By Paul Simpson, Engineering Group Manager
Vehicle Safety & Crashworthiness Lab

What do you do when you want to reduce the likelihood that drivers of your vehicles will experience a life-threatening rollover accident? You build a $10 million dollar rollover facility, and do the rollovers yourself, giving you the data you need to build stronger, safer cars and trucks.

We’ve already talked on this blog about the importance of the crash test dummy to automotive safety, and new wireless test dummies that transmit real-time crash data will be a part of the action. But there’s more we can do to protect drivers in the event of a crash.
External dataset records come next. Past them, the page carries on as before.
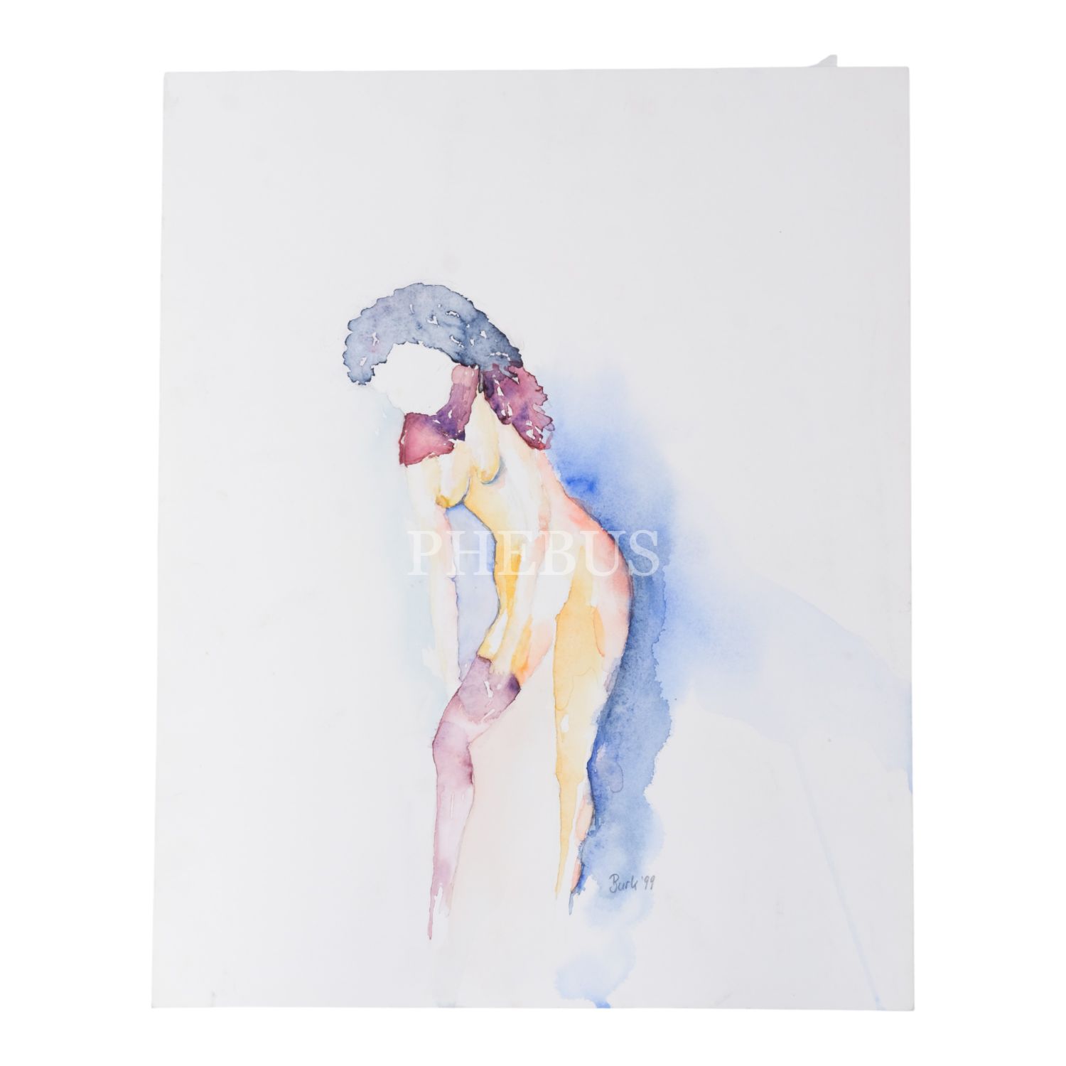 "Burk ´99" imzalı, kâğıt üzerine sulu boya nü kadın resmi, 40x50 cm...
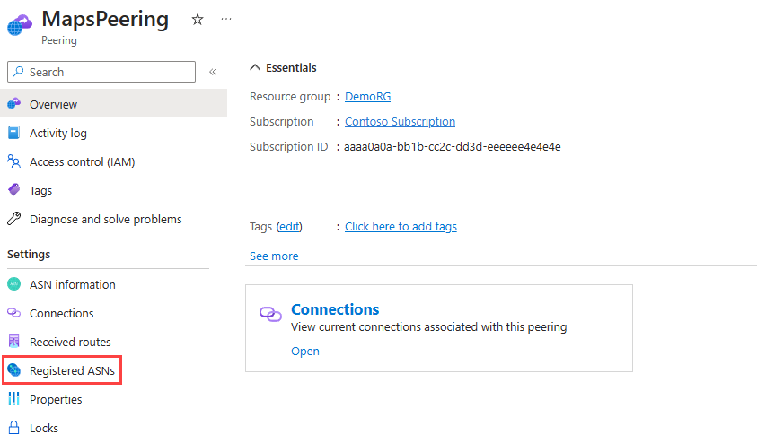 After the ASN is registered, a unique Peering Service prefix key that's used for activation is generated.
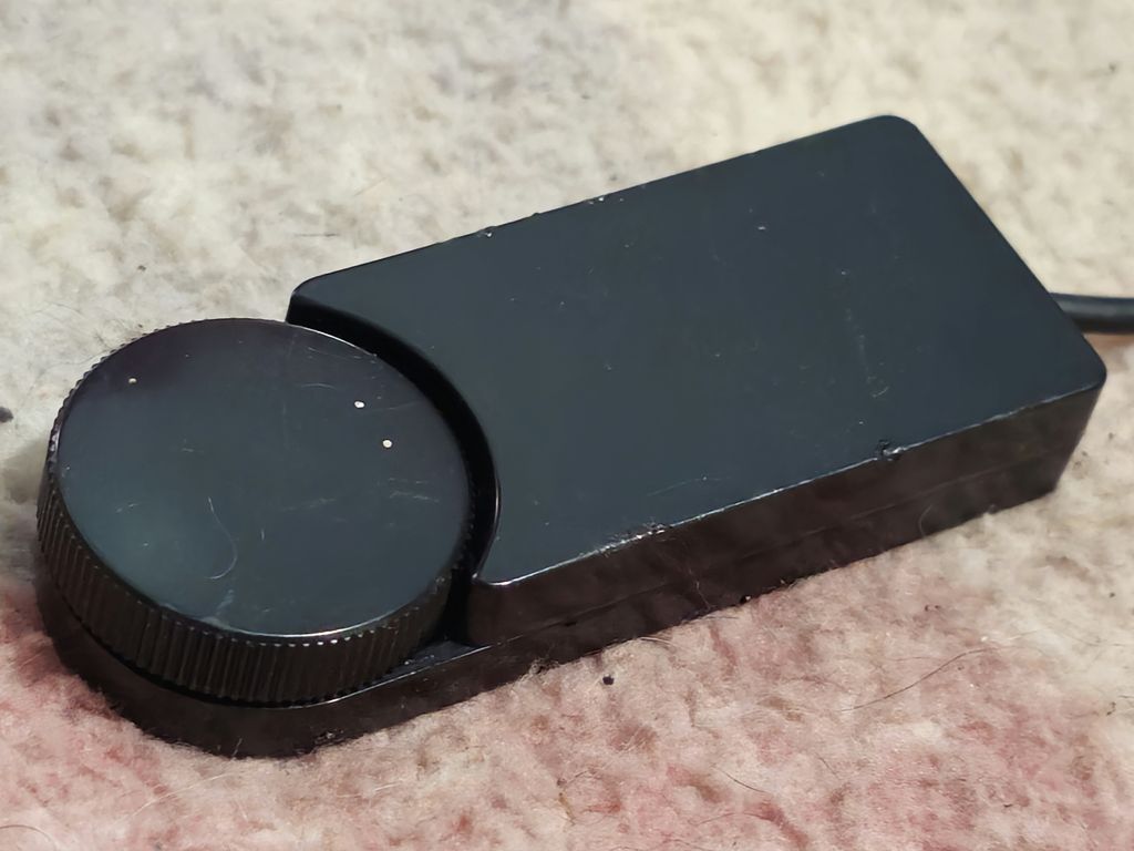 The controller is very small and shiny and features has a rotary dial
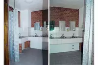zwei getrennte Waschräume mit je einer Duschmöglichkeit (Warmwasser)
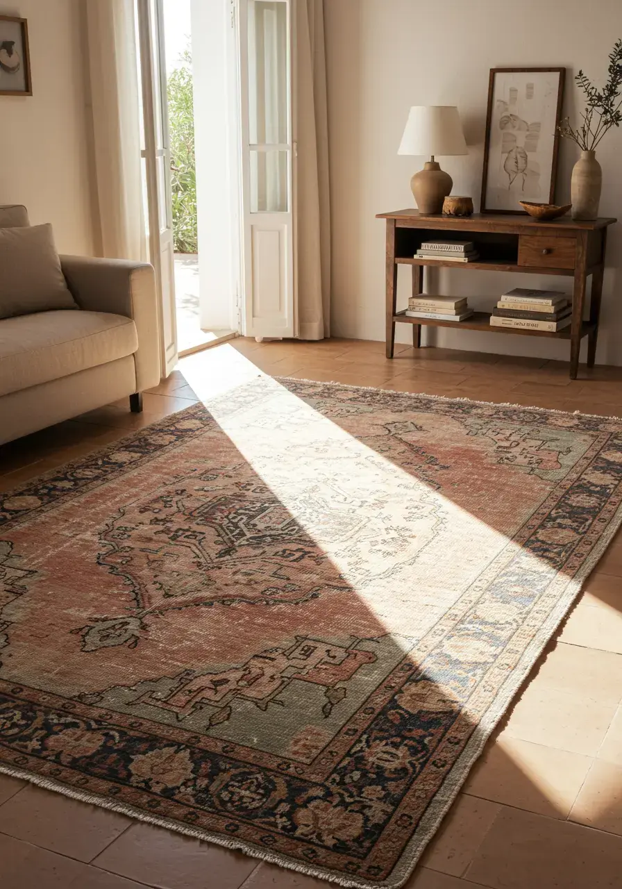 Nothing adds soul and history to a room quite like a beautiful vintage rug. In a Mediterranean living room, look for rugs with faded patterns, earthy tones, or geometric designs. They add warmth underfoot and introduce gorgeous colors and unique patterns that tell a story. It’s like adding a piece of art to your floor! A well-loved rug just feels right in this relaxed, elegant style.
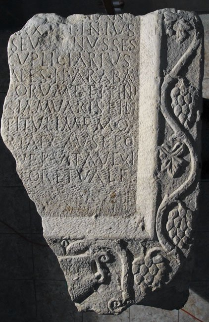 - ---] / [--- vixi]t an(nos) / XXX T[i]tinius / Severinus ses/cuplicarius(!) / ales(!) II Araba/corum et Titini/us Iamuaris(!) fili / tituli(!) memo/riae caus(a)e po/suerunt ave vi/ator et vale
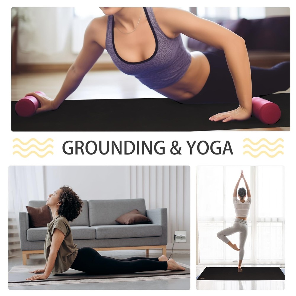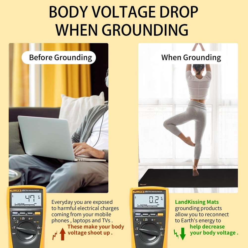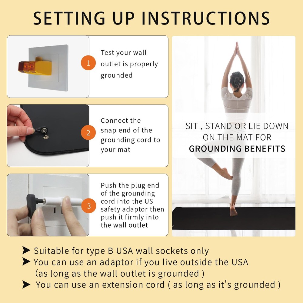 SIMPLE AND EFFICIENT SETUP - Save time by quickly connecting the grounding cord to our specially designed yoga-size grounding mat. Tailored for type B USA wall sockets. BUNDLE AND OPTIMIZE YOUR SAVINGS - Share the benefits of grounding with our bundled kit. Each kit includes 1 large yoga-size grounding mat, 1 grounding cord, 1 grounding splitter, 1 outlet testers and 1 bonus lava rock bracelets. CARBON-INFUSED FOR ENHANCED CONDUCTIVITY - Crafted from durable polyurethane infused with carbon, our grounding mats are highly conductive, breathable, and easy to clean. MAXIMUM BENEFITS WITH GENEROUS SIZE - The large yoga-size grounding mat allows you to experience the benefits of grounding during various activities and even while sleeping. RISK-FREE PURCHASE - Enjoy our lifetime manufacturer's warranty and 90-day return policy. We'll replace your grounding pad hassle-free if you're not satisfied. High-Quality Grounding Material Our Grounding Yoga Mat is crafted from durable, premium TPE foam and topped with soft, conductive vegan leather for ultimate comfort. It is free of PVC, latex, and odors, making it eco-friendly and safe for use. Measuring 71"x24" with a thickness of 1/4", the mat includes a 25-foot grounding cord for easy connection to a grounded electrical outlet. Harness the Power of Grounding Connect with the land's natural energy by standing barefoot or using our Grounding Yoga Mat. This direct contact allows the Earth's energy to flow into your body, penetrating cells and tissues to promote repair, regeneration, and overall well-being. Simple to Use Start by testing your wall outlet with the included Grounding Outlet Tester to ensure it is properly grounded. Then, connect your Grounding Yoga Mat to the Grounding Adapter Splitter and securely snap it onto the mat. (Compatible with Type B wall outlets only.) Once set up, simply touch the mat to begin grounding. COMPLETE KIT: 1 Grounding Yoga Mat (71"x24" each),1 Grouding Coil Cords with in-line current limiting 50k ohm resistors (25') , 1 USA Safety Adaptor Splitter, 1 Outlet Checker and 1 Bonus Lava Rock Grounding Bracelet How to Test Watch the instructional video located in the sidebar below the product photos for a step-by-step demonstration. The video guides you through testing for continuity and performing a body voltage test with the grounding mat, showcasing its effectiveness in grounding the body.
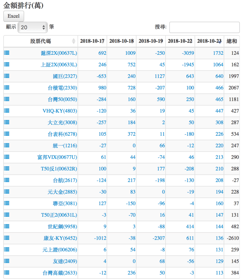 20181023認購(售)權證標的買賣超排行 2018-10-23 stockdog168 權證每日資訊 發表留言 權證在外流通量 1.張數排行為扣除自營商避險淨額後,計算淨流入/流出市場之張數。 2.金額排行為扣除發行商之買賣後,計算淨流入/流出市場之金額。 資料來源:https://www.stockdog.com.tw 【認購權證標的】買超排行: 【認購權證標的】賣超排行: 【認售權證標的】買超排行: 【認售權證標的】賣超排行: 免責宣言 本網站文章所提供資訊僅供參考,並無任何推介買賣之意,投資人應自行承擔交易風險。 分享此文: 按一下即可分享至 X(在新視窗中開啟) X 按一下以分享至 Facebook(在新視窗中開啟) Facebook 喜歡 正在載入...
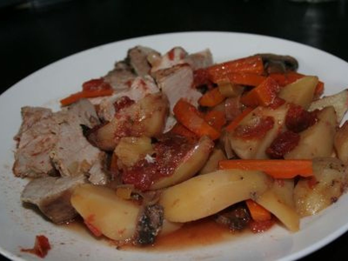 - Couper les poireaux en rondelles, les carottes en bâtonnets, les champi en lamelles, les pommes de terre en quartiers, verser dans la mijoteuse, saler, poivrer.
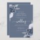 Dusty Blue Silver Blommigt QR-kod Bröllop Inbjudningar
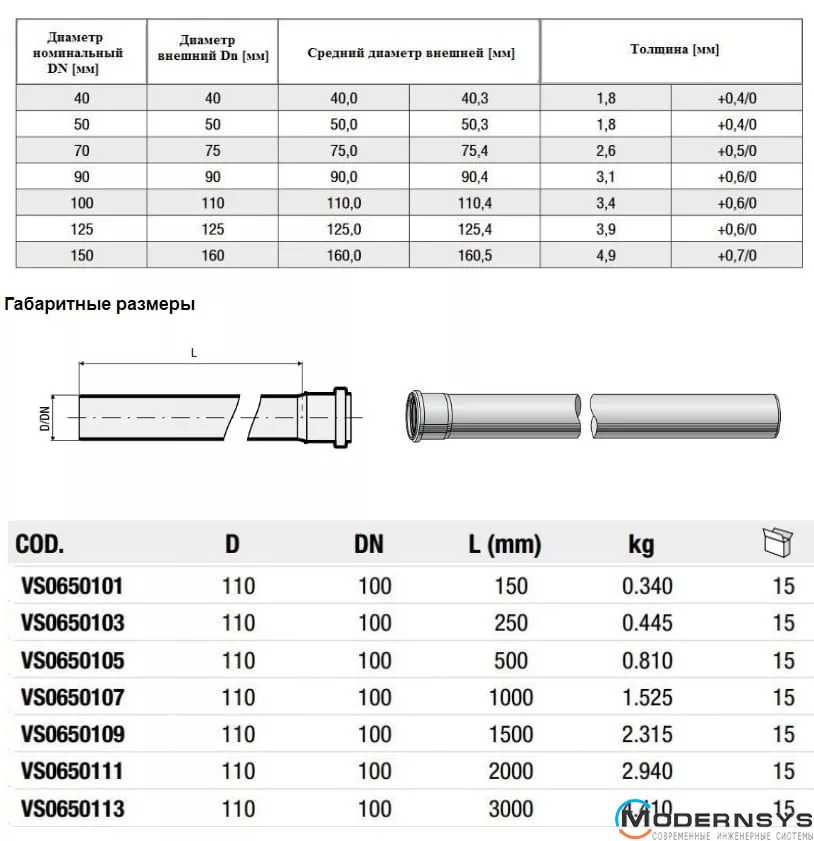 Технические характеристики: Труба канализационная Valsir (Валсир) Triplus Ø110 L=150 мм
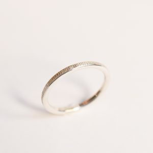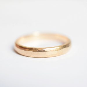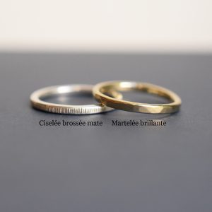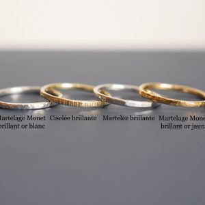 Chaque texture est réalisée à la main. La texture lisse est la plus commune et intemporelle. Le ciselage consiste dans le fait de fait de très légères stries verticales dans le métal qui va diffuser la lumière pour répartir la brillance sur l’anneau. Le martelage est le fait de frapper la surface du métal avec un marteau. Cette texture va apporter un effet de facettes pour accentuer la brillance. Le martelage Monet est très similaire à la différence que les facettes vont être bien plus petites. Son nom « Monet » fait donc référence à la technique de peinture de cet artiste impressionniste. Le martelage Monet accroche encore plus la lumière pour donner une brillance supplémentaire à l’alliance.
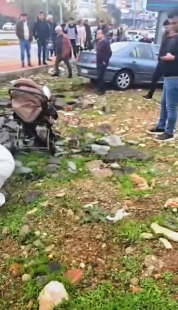 Yoldan çıkan otomobil kaldırımdaki bebek arabalı yayalara çarptı: 3 yaralı

In a rollover accident, the weight of the vehicle is transferred to the roof with extreme force, creating the potential to crush a vehicle cabin under the strain. And while rollover accidents only account for about 3 percent of all motor vehicle accidents, they account for nearly 25 percent of all motor vehicle fatalities.


As you can see, rollover testing is critical. When the facility begins its first of hundreds of annual tests in December of this year, we will put the vehicles through their paces. Four out of the five test modes to be conducted at the lab represent 80–85 percent of the vehicle rollover events that occur in the field. The test types are described as follows:

  • Curb or Soil Trip: The vehicle slides sideways and is suddenly stopped following contact with a raised object (i.e., a curb) or the vehicle encounters loose soil and the wheels dig into the soil.

  • Ditch Fall Over: The vehicle is travels on a steep side slope, which causes the vehicle to roll over.
  • Corkscrew or Flip Over: One side of the vehicle encounters a ramp-like object such as a guardrail taper or ditch back slope.
  • The Dolly Rollover: The vehicle is positioned (laterally) on an inclined dolly. The dolly travels at 30mph and is then brought to a sudden stop that causes vehicle to launch off of the dolly sideways and roll over a number of times.

The rollover test facility will help to support GM’s plan to introduce systems designed to reduce rollover injuries to all non-commercial vehicles by 2012. This facility will be the first rollover facility owned by an automotive company within North America and certainly the first for all of GM.

It’s just one more way we’re working to keep our vehicles safe and our customers safer.